THE TASK :: Starting with the line with "- vyztužení: EX" in the entries below and going on through the line with "Shiny metallic green wrapped candy pin.", output every line exactly and nothing more. No pictures.

···

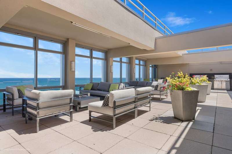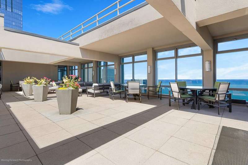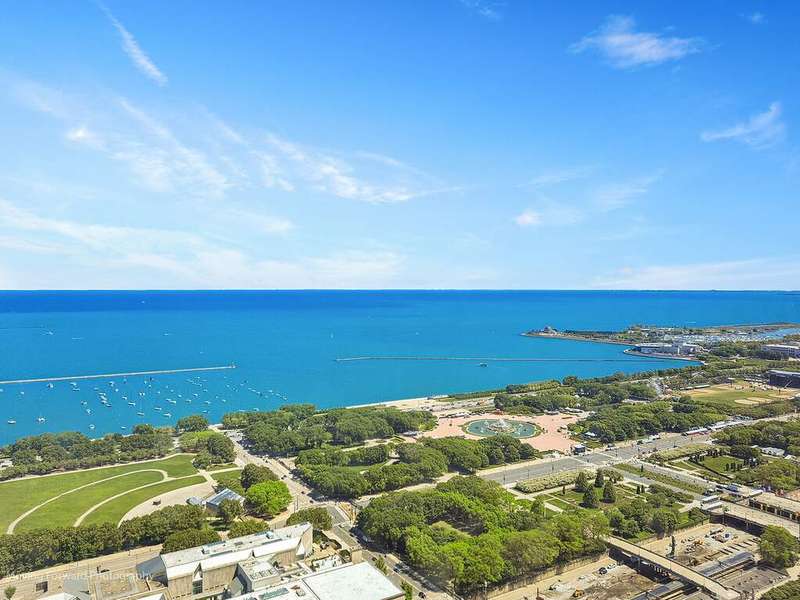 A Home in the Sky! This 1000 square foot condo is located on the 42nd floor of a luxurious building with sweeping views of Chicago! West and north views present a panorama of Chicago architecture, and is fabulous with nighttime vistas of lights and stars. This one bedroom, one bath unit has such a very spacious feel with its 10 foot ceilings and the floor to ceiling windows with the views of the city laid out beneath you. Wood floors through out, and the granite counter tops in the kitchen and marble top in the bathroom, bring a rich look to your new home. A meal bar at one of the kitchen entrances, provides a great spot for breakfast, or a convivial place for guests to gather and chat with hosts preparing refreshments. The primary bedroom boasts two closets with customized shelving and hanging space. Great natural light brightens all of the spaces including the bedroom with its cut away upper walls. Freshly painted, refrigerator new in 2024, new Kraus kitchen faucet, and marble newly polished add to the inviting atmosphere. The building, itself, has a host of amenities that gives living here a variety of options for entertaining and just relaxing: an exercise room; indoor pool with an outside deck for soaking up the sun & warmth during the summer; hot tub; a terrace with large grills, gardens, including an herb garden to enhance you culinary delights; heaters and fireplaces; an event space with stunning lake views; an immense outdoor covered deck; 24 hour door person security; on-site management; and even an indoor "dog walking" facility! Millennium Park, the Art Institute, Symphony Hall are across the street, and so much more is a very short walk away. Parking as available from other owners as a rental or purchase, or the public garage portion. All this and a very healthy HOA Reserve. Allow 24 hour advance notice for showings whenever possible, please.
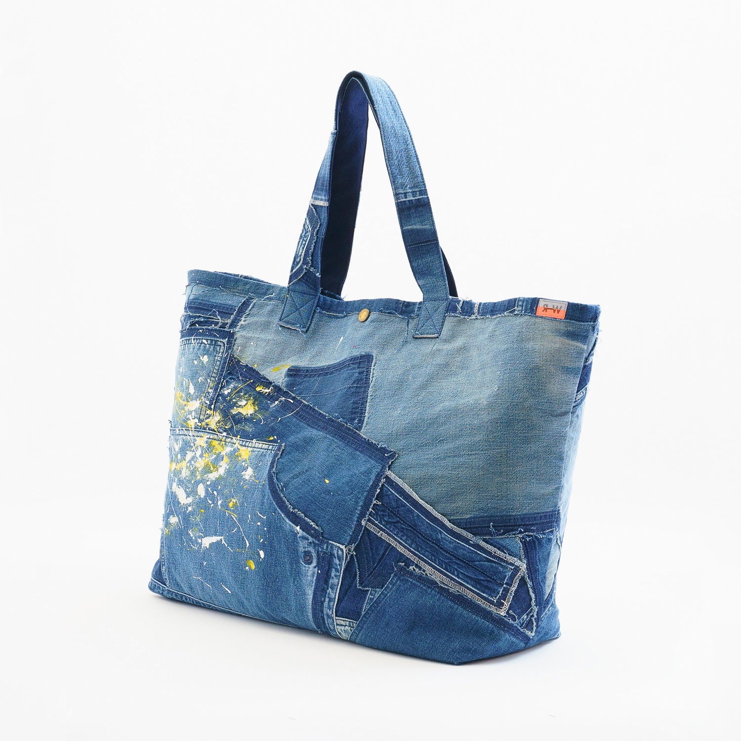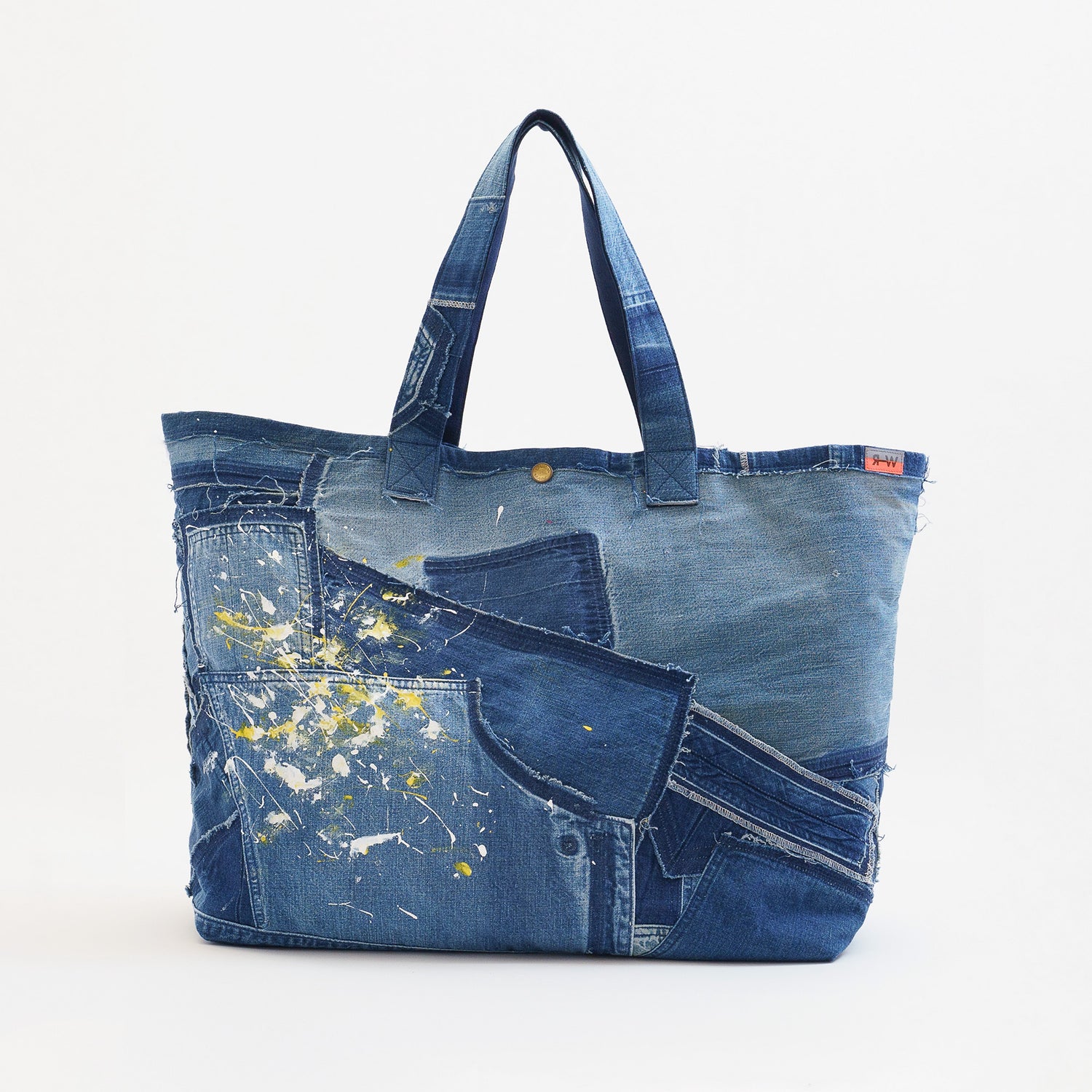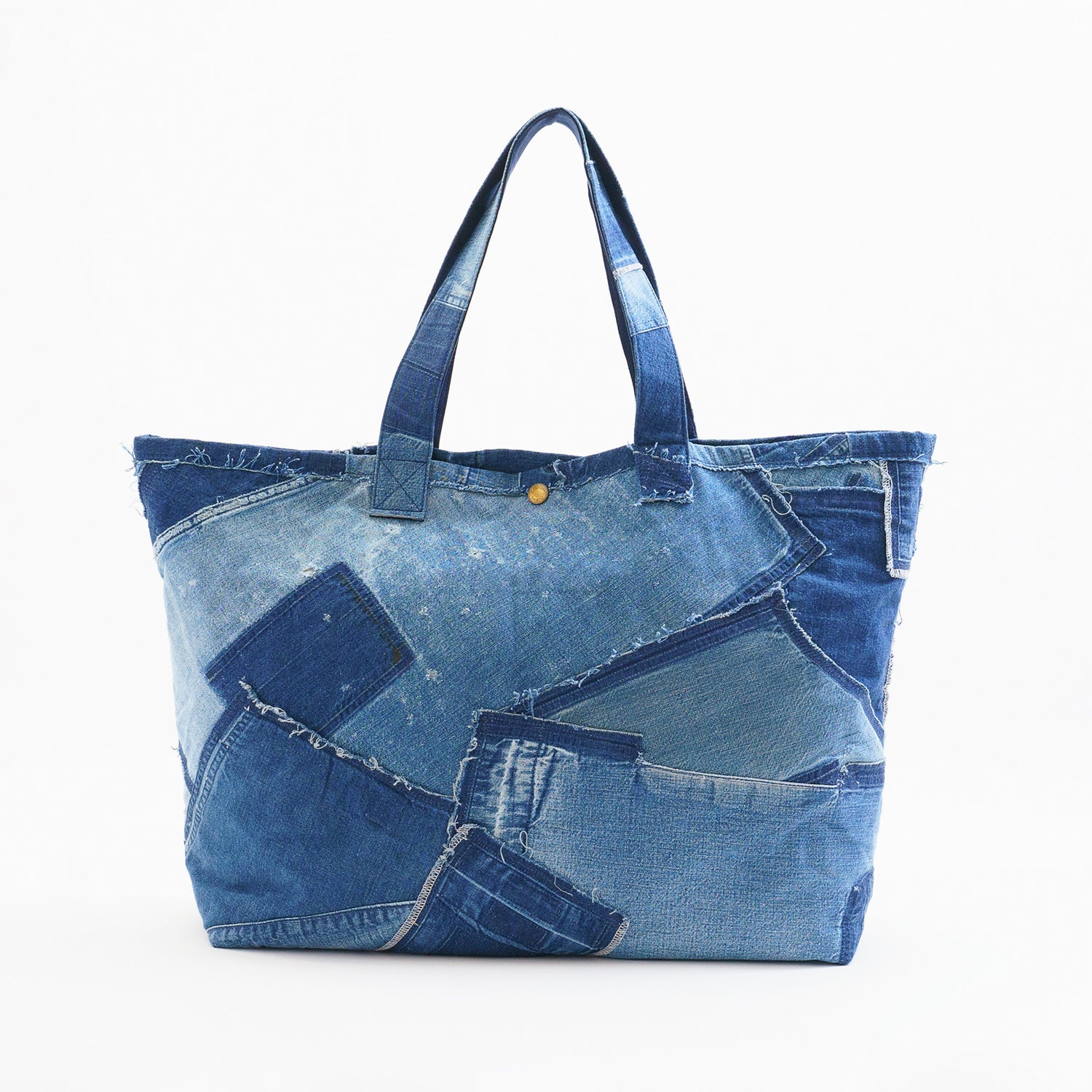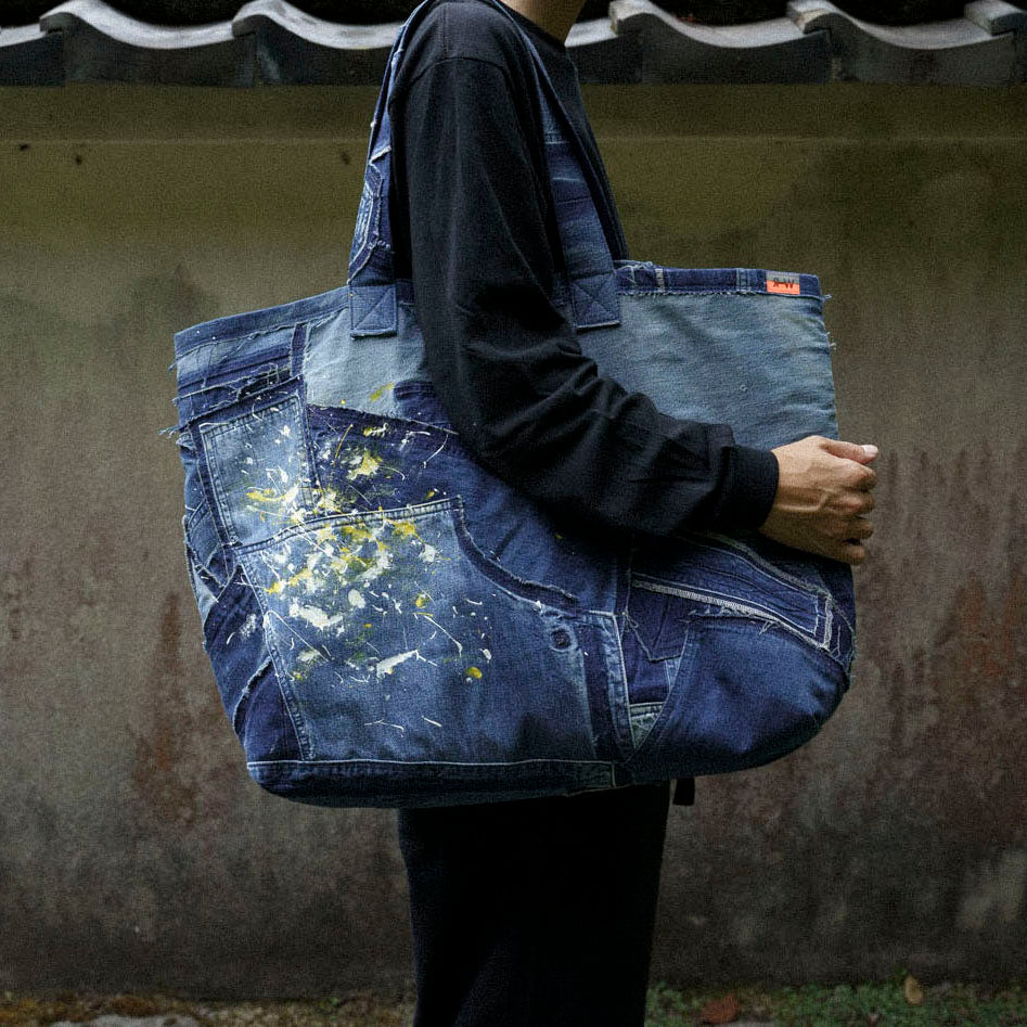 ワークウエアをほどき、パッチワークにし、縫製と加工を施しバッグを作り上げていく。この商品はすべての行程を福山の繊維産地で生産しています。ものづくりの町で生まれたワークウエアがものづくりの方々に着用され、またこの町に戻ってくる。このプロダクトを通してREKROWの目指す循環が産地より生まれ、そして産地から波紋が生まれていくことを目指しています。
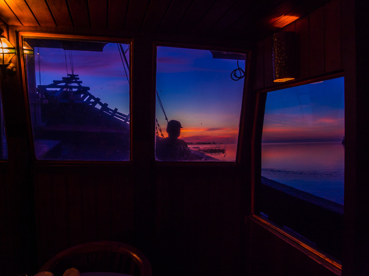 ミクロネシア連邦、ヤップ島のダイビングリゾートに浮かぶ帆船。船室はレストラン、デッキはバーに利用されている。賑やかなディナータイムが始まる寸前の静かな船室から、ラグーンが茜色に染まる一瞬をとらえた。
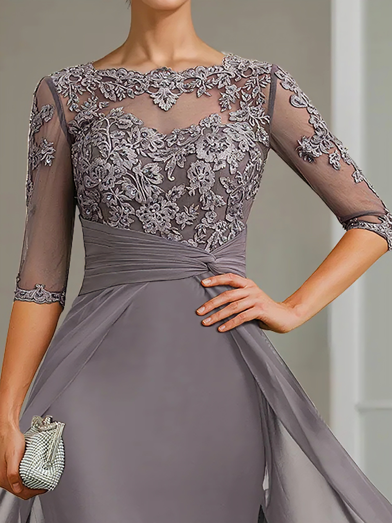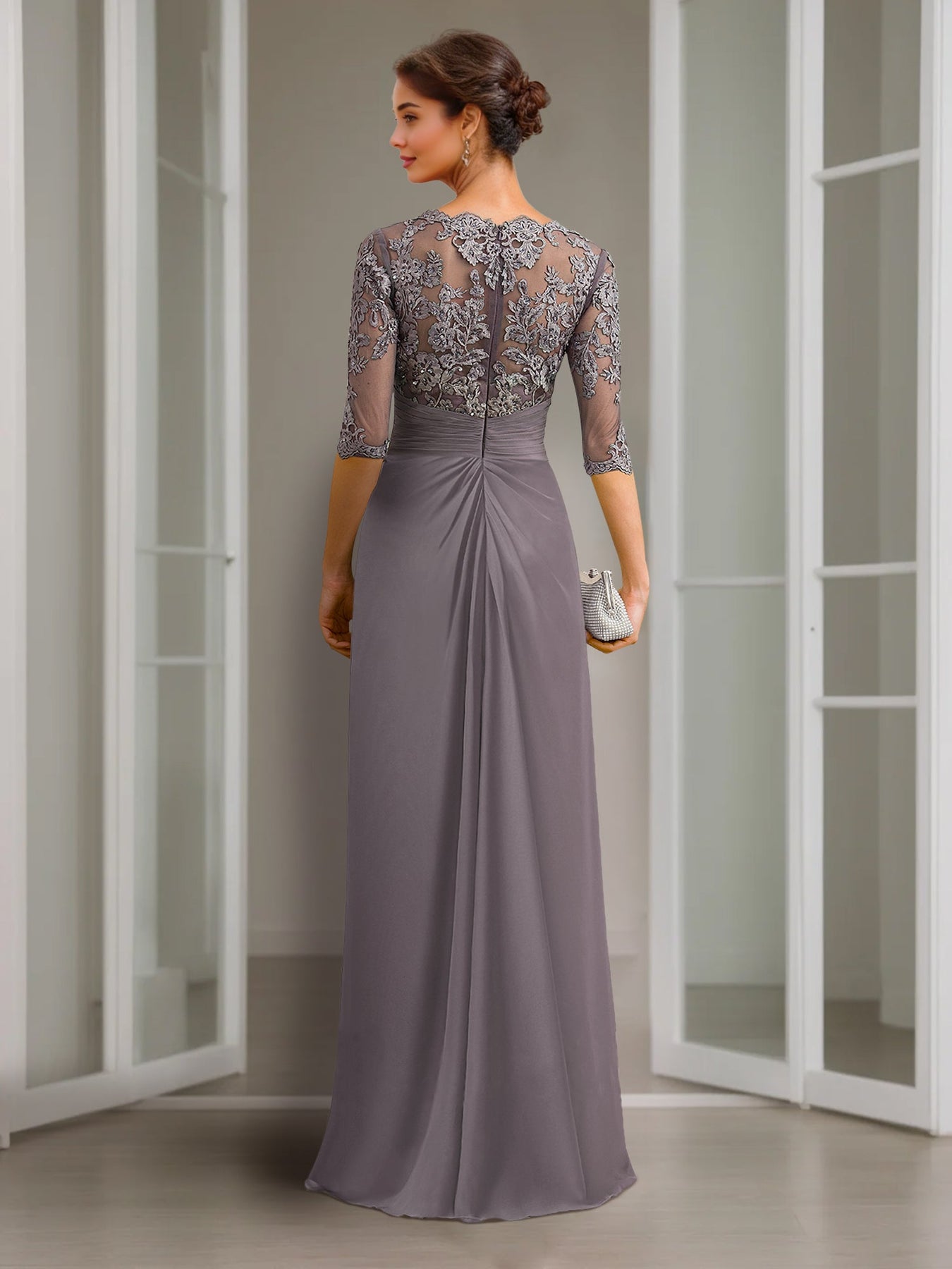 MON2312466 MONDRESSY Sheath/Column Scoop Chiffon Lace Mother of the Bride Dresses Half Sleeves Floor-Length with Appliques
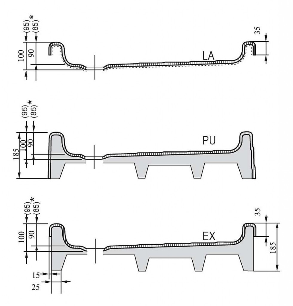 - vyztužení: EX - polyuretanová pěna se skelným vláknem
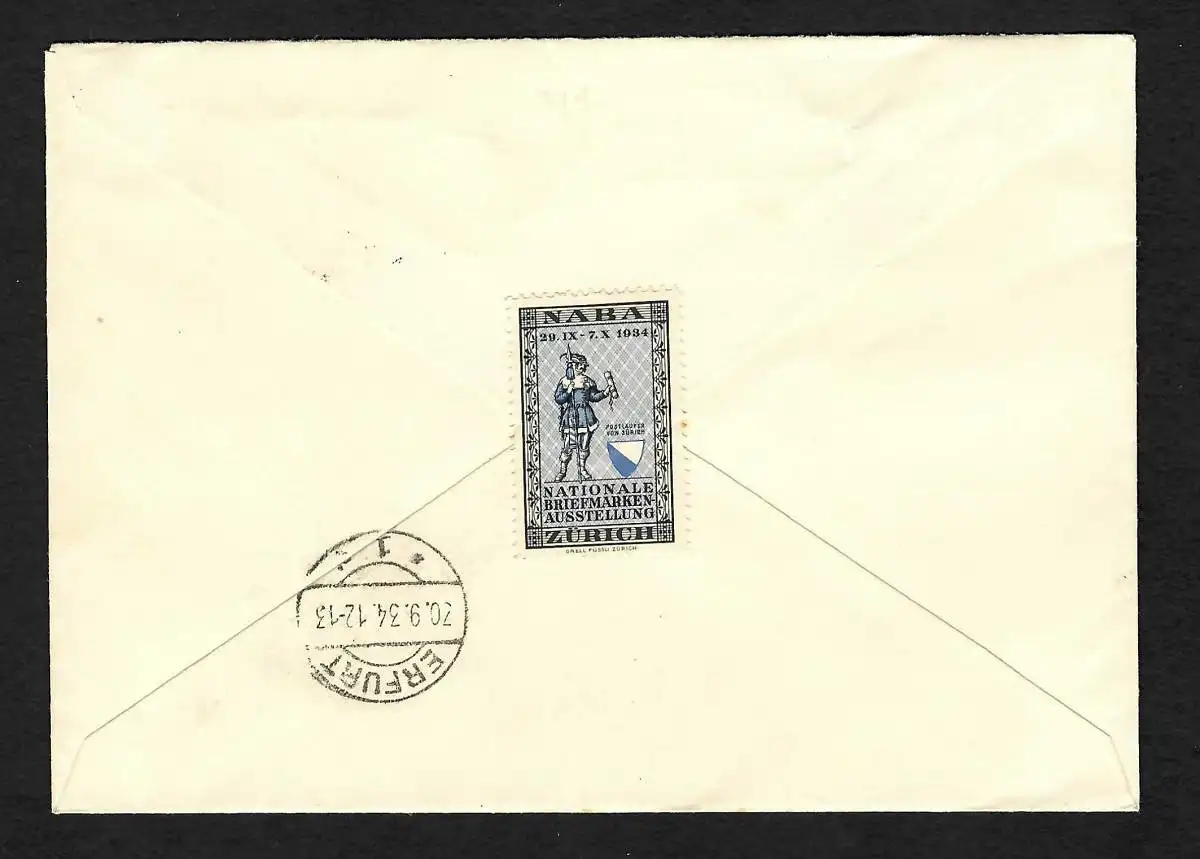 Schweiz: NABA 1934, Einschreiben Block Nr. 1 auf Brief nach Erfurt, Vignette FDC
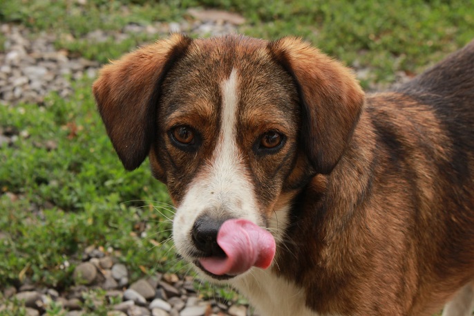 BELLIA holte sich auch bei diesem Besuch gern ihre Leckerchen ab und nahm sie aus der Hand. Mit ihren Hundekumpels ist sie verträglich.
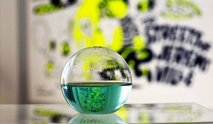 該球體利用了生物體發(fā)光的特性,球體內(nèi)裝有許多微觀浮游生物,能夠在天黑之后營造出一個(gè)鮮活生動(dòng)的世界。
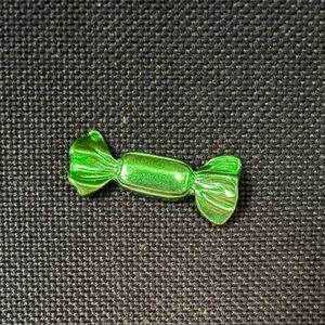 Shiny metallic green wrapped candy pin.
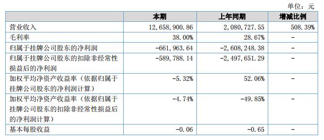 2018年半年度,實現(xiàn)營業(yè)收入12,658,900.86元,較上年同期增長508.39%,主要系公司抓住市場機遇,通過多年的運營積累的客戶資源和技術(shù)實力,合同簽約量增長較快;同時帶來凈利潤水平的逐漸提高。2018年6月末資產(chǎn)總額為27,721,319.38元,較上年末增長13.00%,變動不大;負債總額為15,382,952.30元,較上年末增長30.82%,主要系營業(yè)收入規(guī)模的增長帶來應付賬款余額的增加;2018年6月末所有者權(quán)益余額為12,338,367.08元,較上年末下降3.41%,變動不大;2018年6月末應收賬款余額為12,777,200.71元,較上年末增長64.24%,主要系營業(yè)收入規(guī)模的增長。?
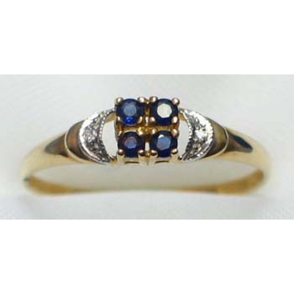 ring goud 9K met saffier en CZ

···

YOUR RESPONSE ::
 - vyztužení: EX - polyuretanová pěna se skelným vláknem
 Schweiz: NABA 1934, Einschreiben Block Nr. 1 auf Brief nach Erfurt, Vignette FDC
 BELLIA holte sich auch bei diesem Besuch gern ihre Leckerchen ab und nahm sie aus der Hand. Mit ihren Hundekumpels ist sie verträglich.
 該球體利用了生物體發(fā)光的特性,球體內(nèi)裝有許多微觀浮游生物,能夠在天黑之后營造出一個(gè)鮮活生動(dòng)的世界。
 Shiny metallic green wrapped candy pin.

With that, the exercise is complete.